**Task to complete:** Find the line with "今回は、福島最終レースでも馬券対決を行います!結果はこちら。" in the entries below, then output every line from it down to the line with "Трёхсекционная перегородка Cariñen", exactly and with no pictures.

**Material for this task:**
================

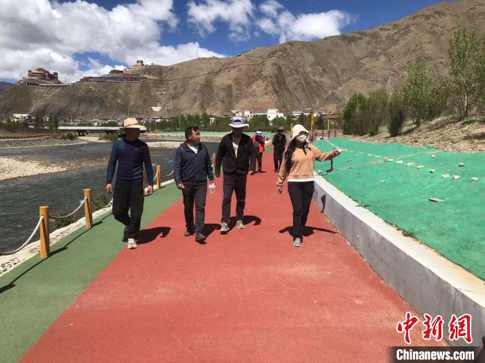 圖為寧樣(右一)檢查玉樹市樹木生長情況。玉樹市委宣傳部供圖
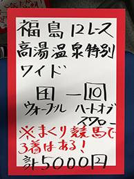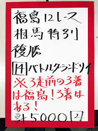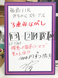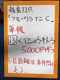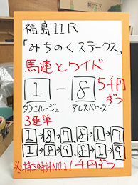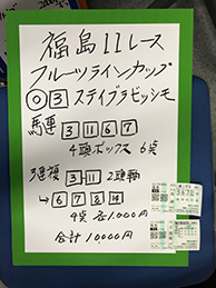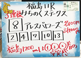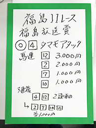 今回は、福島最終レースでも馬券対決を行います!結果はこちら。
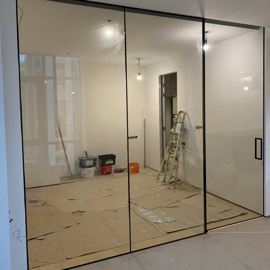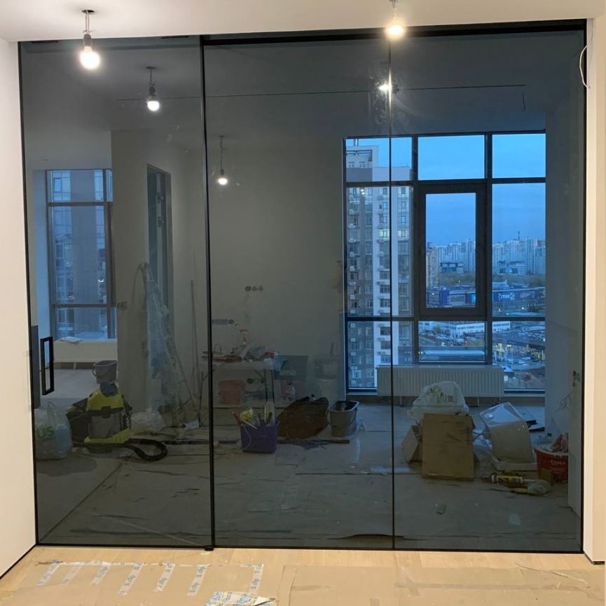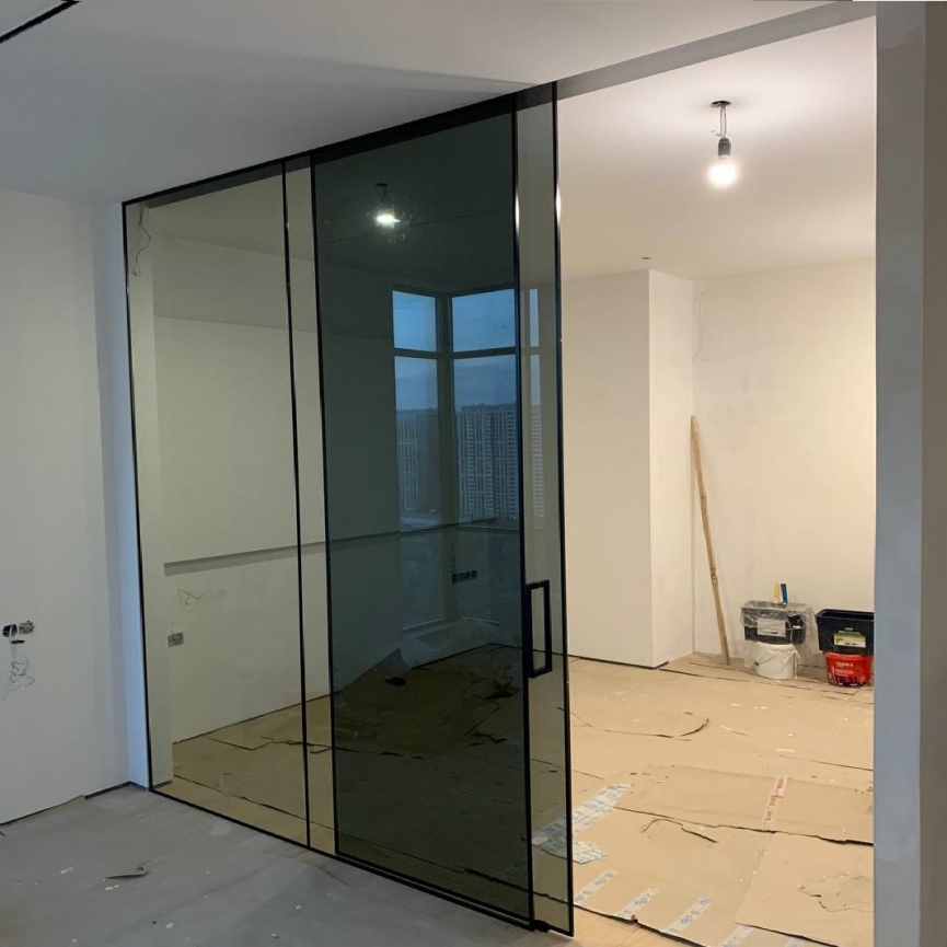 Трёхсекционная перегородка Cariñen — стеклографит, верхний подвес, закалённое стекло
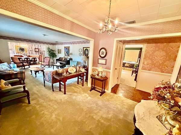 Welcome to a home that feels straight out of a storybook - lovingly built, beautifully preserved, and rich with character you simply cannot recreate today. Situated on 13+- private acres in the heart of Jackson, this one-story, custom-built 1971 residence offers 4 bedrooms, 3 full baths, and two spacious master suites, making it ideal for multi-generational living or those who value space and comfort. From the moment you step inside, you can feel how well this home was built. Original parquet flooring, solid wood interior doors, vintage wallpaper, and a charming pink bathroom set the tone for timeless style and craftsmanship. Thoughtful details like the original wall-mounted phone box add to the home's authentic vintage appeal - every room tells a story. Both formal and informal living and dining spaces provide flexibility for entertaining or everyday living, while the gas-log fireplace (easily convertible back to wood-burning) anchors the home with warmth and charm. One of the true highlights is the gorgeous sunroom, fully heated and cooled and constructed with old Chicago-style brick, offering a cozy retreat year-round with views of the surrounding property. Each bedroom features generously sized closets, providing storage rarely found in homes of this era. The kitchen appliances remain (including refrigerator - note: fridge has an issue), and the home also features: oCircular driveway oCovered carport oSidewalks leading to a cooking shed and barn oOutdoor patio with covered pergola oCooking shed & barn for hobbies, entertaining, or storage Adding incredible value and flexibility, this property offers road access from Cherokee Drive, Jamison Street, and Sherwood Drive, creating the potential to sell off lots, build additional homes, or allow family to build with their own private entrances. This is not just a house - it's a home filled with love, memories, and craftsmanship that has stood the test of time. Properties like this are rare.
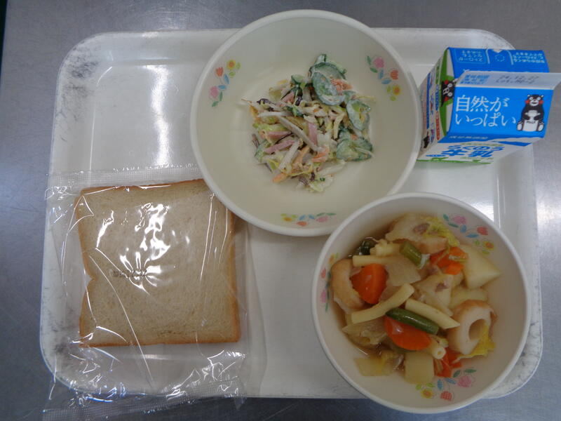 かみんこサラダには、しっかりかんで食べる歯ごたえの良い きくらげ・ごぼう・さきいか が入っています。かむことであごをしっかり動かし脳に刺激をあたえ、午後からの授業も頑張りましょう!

================

**Solution to this problem:**
 今回は、福島最終レースでも馬券対決を行います!結果はこちら。
 Трёхсекционная перегородка Cariñen — стеклографит, верхний подвес, закалённое стекло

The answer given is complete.